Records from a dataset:
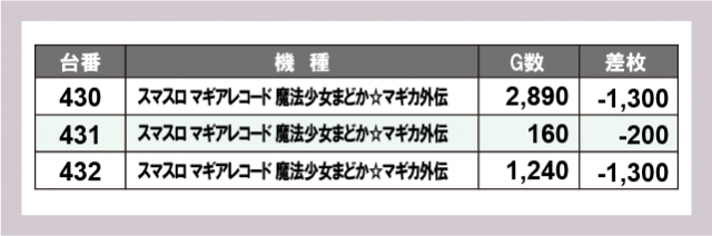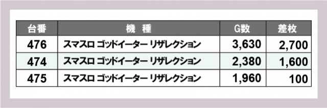 ※台番号順に掲載しています
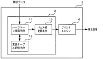 前記変換テーブルは、少なくとも、階調データと現像面積情報との関係を定めるガンマテーブルと、前記ガンマテーブルを特定する識別子をマトリクス上の位置に対応づけたインデックスマトリクスとを含んで構成されていることが好ましい。
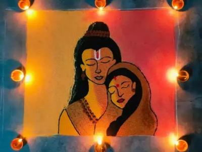 देव्हाऱ्याजवळ किंवा दारासमोर तुम्ही अशी रांगोळी काढू शकता ज्यात माता सिता आणि लक्ष्ण रामासह एकत्र दिसत असतील. या फोटोतील रांगोळीच्या डिजाईन्सच्या रांगोळीप्रमाणे सोपी रांगोळी तुम्ही काढू शकता.
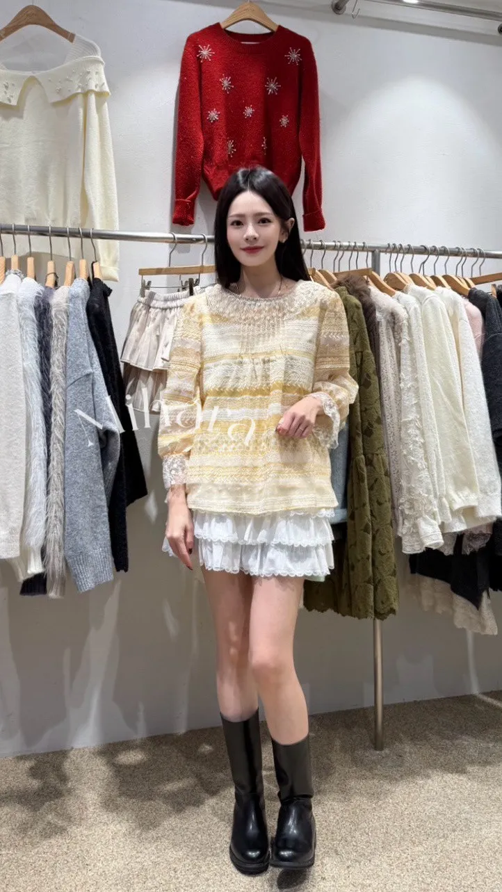 A8 0129(限量特)浪漫蕾絲家拼接蕾絲橫條圓領雪紡上衣
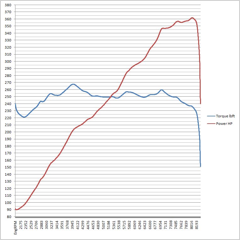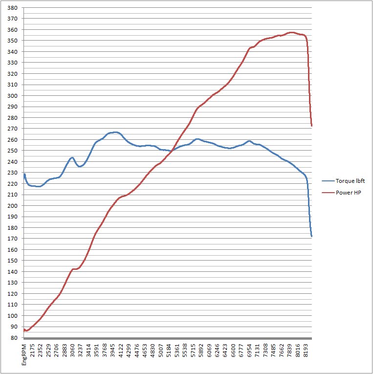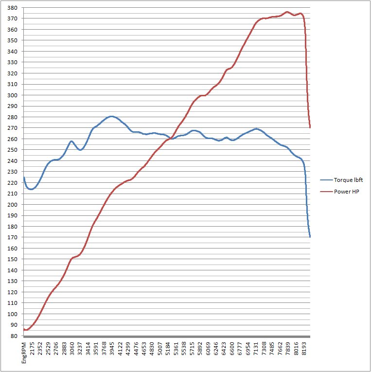 Max HP: 376.3 @ 7830 RPM (Run-1) - +10hp Gain
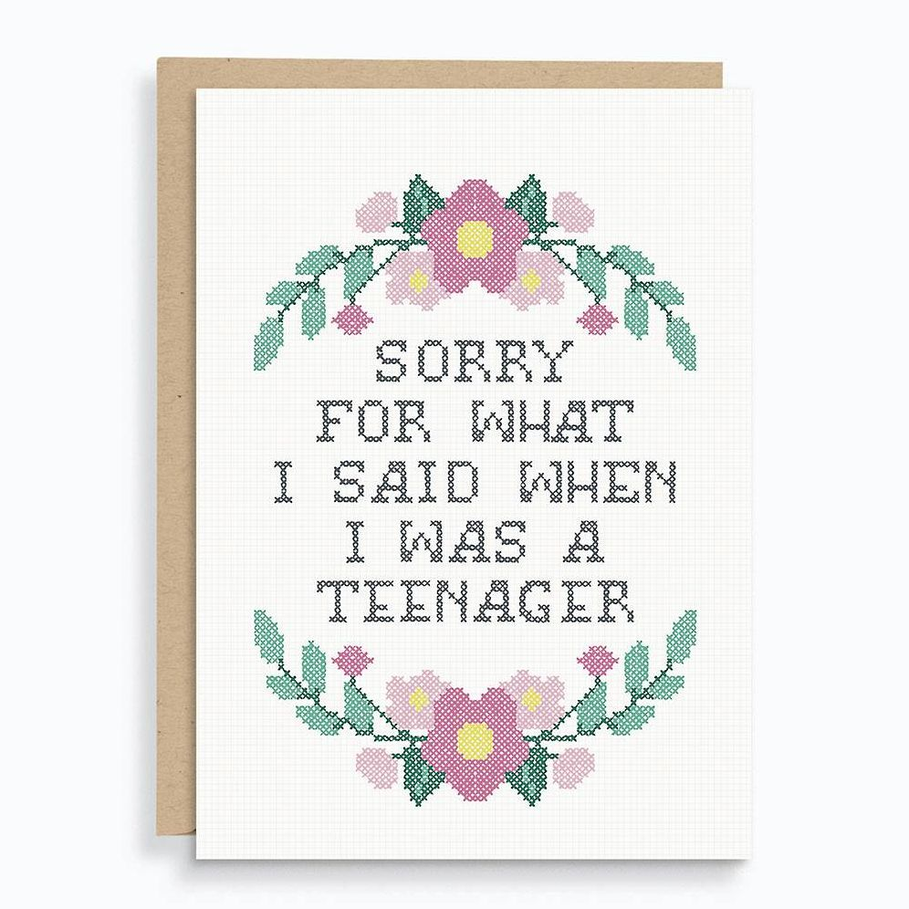 This is the perfect way to show your appreciation for your mom this Mother’s Day, while also apologize for your bratty years (because who was a sweet teenager?). Card reads, “Sorry for what I said as a teenager.”
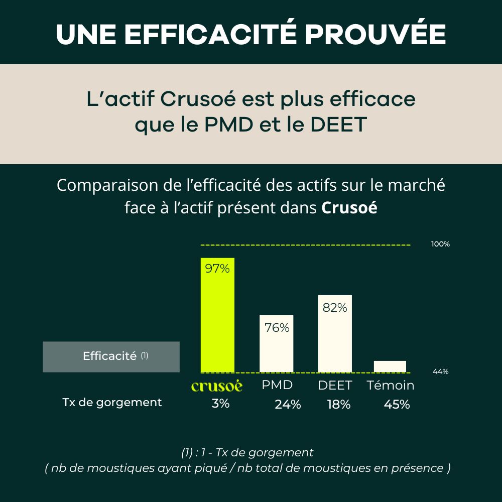 "The in-depth study of the olfactory mechanism of mosquitoes has allowed us to develop an innovative scientific approach. Crusoe was born from a biomimetic process that allows us to generate a natural molecule with strong repellent properties. Comparison tests carried out on our active ingredient demonstrate a much higher efficiency than synthetic chemical molecules.

_What you have to do_. Skip every picture and return the lines above from the top through the one that contains "Max HP: 376.3".

_Written answer_.
 ※台番号順に掲載しています
 前記変換テーブルは、少なくとも、階調データと現像面積情報との関係を定めるガンマテーブルと、前記ガンマテーブルを特定する識別子をマトリクス上の位置に対応づけたインデックスマトリクスとを含んで構成されていることが好ましい。
 देव्हाऱ्याजवळ किंवा दारासमोर तुम्ही अशी रांगोळी काढू शकता ज्यात माता सिता आणि लक्ष्ण रामासह एकत्र दिसत असतील. या फोटोतील रांगोळीच्या डिजाईन्सच्या रांगोळीप्रमाणे सोपी रांगोळी तुम्ही काढू शकता.
 A8 0129(限量特)浪漫蕾絲家拼接蕾絲橫條圓領雪紡上衣
 Max HP: 376.3 @ 7830 RPM (Run-1) - +10hp Gain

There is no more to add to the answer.